Message #13 received at 32878 <at> debbugs.gnu.org (full text, mbox):
[Message part 1 (text/plain, inline)]
Marius Bakke <mbakke <at> fastmail.com> writes:
> This patch adds a graft for Python:
>
> From a60d655fd4dddb86e1c8134c675fb61af52b32af Mon Sep 17 00:00:00 2001
> From: Marius Bakke <mbakke <at> fastmail.com>
> Date: Sat, 6 Oct 2018 16:47:05 +0200
> Subject: [PATCH] gnu: python: Fix CVE-2018-14647.
>
> * gnu/packages/patches/python-CVE-2018-14647.patch: New file.
> * gnu/local.mk (dist_patch_DATA): Register it.
> * gnu/packages/python.scm (python-3/fixed): New variable.
> (python-3.6)[replacement]: New field.
> (python-minimal, python-debug, wrap-python3): Use PACKAGE/INHERIT instead of
> standard inheritance.
> ---
> gnu/local.mk | 1 +
> .../patches/python-CVE-2018-14647.patch | 61 +++++++++++++++++++
> gnu/packages/python.scm | 16 +++--
> 3 files changed, 74 insertions(+), 4 deletions(-)
> create mode 100644 gnu/packages/patches/python-CVE-2018-14647.patch
>
> diff --git a/gnu/local.mk b/gnu/local.mk
> index 61e5913a0..df16f85db 100644
> --- a/gnu/local.mk
> +++ b/gnu/local.mk
> @@ -1075,6 +1075,7 @@ dist_patch_DATA = \
> %D%/packages/patches/python-3-deterministic-build-info.patch \
> %D%/packages/patches/python-3-search-paths.patch \
> %D%/packages/patches/python-3-fix-tests.patch \
> + %D%/packages/patches/python-CVE-2018-14647.patch \
> %D%/packages/patches/python-axolotl-AES-fix.patch \
> %D%/packages/patches/python-cairocffi-dlopen-path.patch \
> %D%/packages/patches/python-fix-tests.patch \
> diff --git a/gnu/packages/patches/python-CVE-2018-14647.patch b/gnu/packages/patches/python-CVE-2018-14647.patch
> new file mode 100644
> index 000000000..24f8d2182
> --- /dev/null
> +++ b/gnu/packages/patches/python-CVE-2018-14647.patch
> @@ -0,0 +1,61 @@
> +Fix CVE-2018-14647:
> +https://cve.mitre.org/cgi-bin/cvename.cgi?name=CVE-2018-14647
> +https://bugs.python.org/issue34623
> +
> +Taken from upstream:
> +https://github.com/python/cpython/commit/f7666e828cc3d5873136473ea36ba2013d624fa1
> +
> +diff --git Include/pyexpat.h Include/pyexpat.h
> +index 44259bf6d7..07020b5dc9 100644
> +--- Include/pyexpat.h
> ++++ Include/pyexpat.h
> +@@ -3,7 +3,7 @@
> +
> + /* note: you must import expat.h before importing this module! */
> +
> +-#define PyExpat_CAPI_MAGIC "pyexpat.expat_CAPI 1.0"

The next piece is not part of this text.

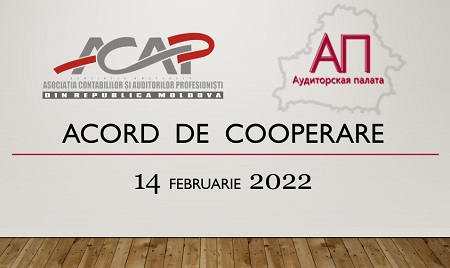 Cu scopul întăririi bunelor relații de cooperare și a dezvoltării profesiei de audit și contabile Asociaţia Contabililor şi Auditorilor Profesionişti din Republica Moldova (ACAP RM) și Camera Auditorilor din Republica Belarus au semnat un Acord de Cooperare în data de 14 februarie 2022.
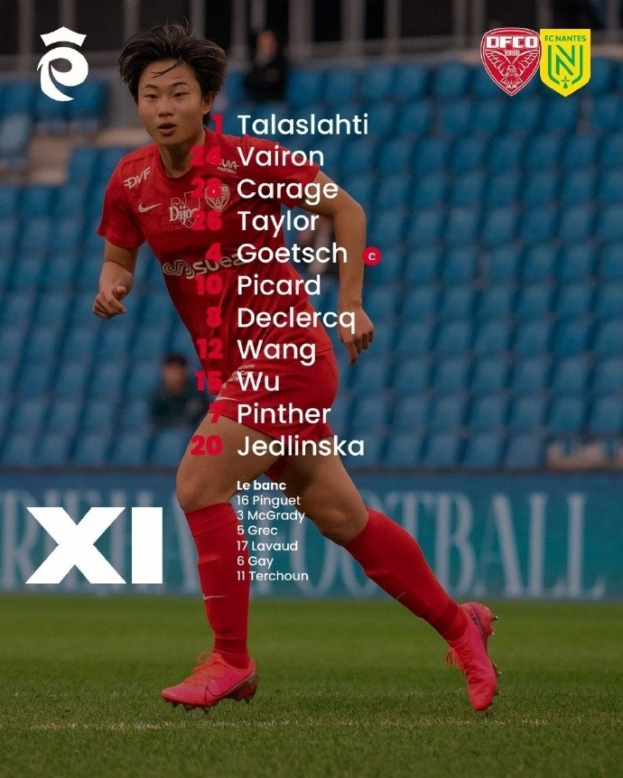 法甲第19輪第戎女足主場(chǎng)3-0戰(zhàn)勝南特女足,吳澄舒、王妍雯首發(fā)出場(chǎng),第17分鐘,吳澄舒接隊(duì)友左路傳中,頭球破門(mén),首開(kāi)紀(jì)錄,連續(xù)兩場(chǎng)有進(jìn)球入賬。上輪聯(lián)賽第戎客場(chǎng)2-0戰(zhàn)勝勒阿弗爾女足,吳澄舒也斬獲一粒進(jìn)球。王妍雯打滿90分鐘,傷停補(bǔ)時(shí)階段被隊(duì)友換下。

> ++#define PyExpat_CAPI_MAGIC "pyexpat.expat_CAPI 1.1"
> + #define PyExpat_CAPSULE_NAME "pyexpat.expat_CAPI"
> +
> + struct PyExpat_CAPI
> +@@ -48,6 +48,8 @@ struct PyExpat_CAPI
> + enum XML_Status (*SetEncoding)(XML_Parser parser, const XML_Char *encoding);
> + int (*DefaultUnknownEncodingHandler)(
> + void *encodingHandlerData, const XML_Char *name, XML_Encoding *info);
> ++ /* might be none for expat < 2.1.0 */
> ++ int (*SetHashSalt)(XML_Parser parser, unsigned long hash_salt);
> + /* always add new stuff to the end! */
> + };
> +
> +diff --git Modules/_elementtree.c Modules/_elementtree.c
> +index 707ab2912b..53f05f937f 100644
> +--- Modules/_elementtree.c
> ++++ Modules/_elementtree.c
> +@@ -3261,6 +3261,11 @@ _elementtree_XMLParser___init___impl(XMLParserObject *self, PyObject *html,
> + PyErr_NoMemory();
> + return -1;
> + }
> ++ /* expat < 2.1.0 has no XML_SetHashSalt() */
> ++ if (EXPAT(SetHashSalt) != NULL) {
> ++ EXPAT(SetHashSalt)(self->parser,
> ++ (unsigned long)_Py_HashSecret.expat.hashsalt);
> ++ }
> +
> + if (target) {
> + Py_INCREF(target);
> +diff --git Modules/pyexpat.c Modules/pyexpat.c
> +index 47c3e86c20..aa21d93c11 100644
> +--- Modules/pyexpat.c
> ++++ Modules/pyexpat.c
> +@@ -1887,6 +1887,11 @@ MODULE_INITFUNC(void)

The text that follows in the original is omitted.